Btw the weight hanging is 25KN i should have wrote it neater.

Yup totally blew the last page of this test. I even got the tension wrong..which was the easier question.

He gave us 50 minutes to solve 4 questions. By the time i got to the 4th had very little time left.

but listen in your moment calculation why didnt you account for the x component of the tensin in the string?

pooface said:
If someone as intelligent as you are not confident then I am sure my class took a strong beating during this test.

Thanks I appreciate that. But in this question, I don't feel confident at all because I changed the way I solved the problem after reading the second part of the question. That's never a good sign. ;)

The assumption I'm making here that there's a reaction force acting at A along the axis of the beam... along with a reaction moment at A. I don't feel good about this assumption that the net reactional force acts along the axis...

Btw the weight hanging is 25KN i should have wrote it neater.

yeah, I used 25kN... The 35kN... is the 25kN + the 10kN of the beam...

Yup totally blew the last page of this test. I even got the tension wrong..which was the easier question.

He gave us 50 minutes to solve 4 questions. By the time i got to the 4th had very little time left.
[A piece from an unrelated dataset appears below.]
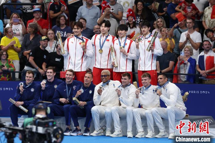 當(dāng)?shù)貢r(shí)間8月4日,在巴黎奧運(yùn)會(huì)游泳項(xiàng)目男子4x100米混合泳接力決賽中,由徐嘉余、覃海洋、孫佳俊、潘展樂(lè)組成的中國(guó)隊(duì)奪得金牌。圖為獲獎(jiǎng)運(yùn)動(dòng)員合影。 中新社記者 富田 攝

but listen in your moment calculation why didnt you account for the x component of the tensin in the string?

I was using the component of tension perpendicular to the beam... ie Tsin10. then the torque due to that is -Tsin10*12 (minus sign indicates counteclockwise). The component parallel to the beam is Tcos10... but this creates 0 torque...

You can also divide into the x (horizontal) and y(vertical)-components... magnitude of x-component of tension would be Tcos20. torque due to that is -Tcos20*(12sin30). The torque due to the y-component of tension is Tsin20*12cos30... net torque would be Tsin20*12cos30 - Tcos20*(12sin30) = Tsin(20-30) = Tsin(-10) = -Tsin10. comes out to the same answer...

I would have blown this question on a test too.

Go back and look at the moment about A and ask yourself "Is the boom arm rotating about A?" If not, what does that say about the moments?

TVP45 said:
Go back and look at the moment about A and ask yourself "Is the boom arm rotating about A?" If not, what does that say about the moments?

Oh... I was making this whole problem way more complicated than it was... for some reason I was fixated on the answer to the second part not being 0.

so to get tension:

10kN*6cos30 + 25kN*12cos30 - Tsin10*12 = 0

T = 149.6 kN ?

Last edited:
do you mean T cos 20? because the triangle of the given 10 degrees is not a right triangle.

149.6N doesn't SEEM right because how could the tension be so low compared to the other forces?

Last edited:
pooface said:
do you mean T cos 20? because the triangle of the given 10 degrees is not a right triangle.

149.6N doesn't SEEM right because how could the tension be so low compared to the other forces?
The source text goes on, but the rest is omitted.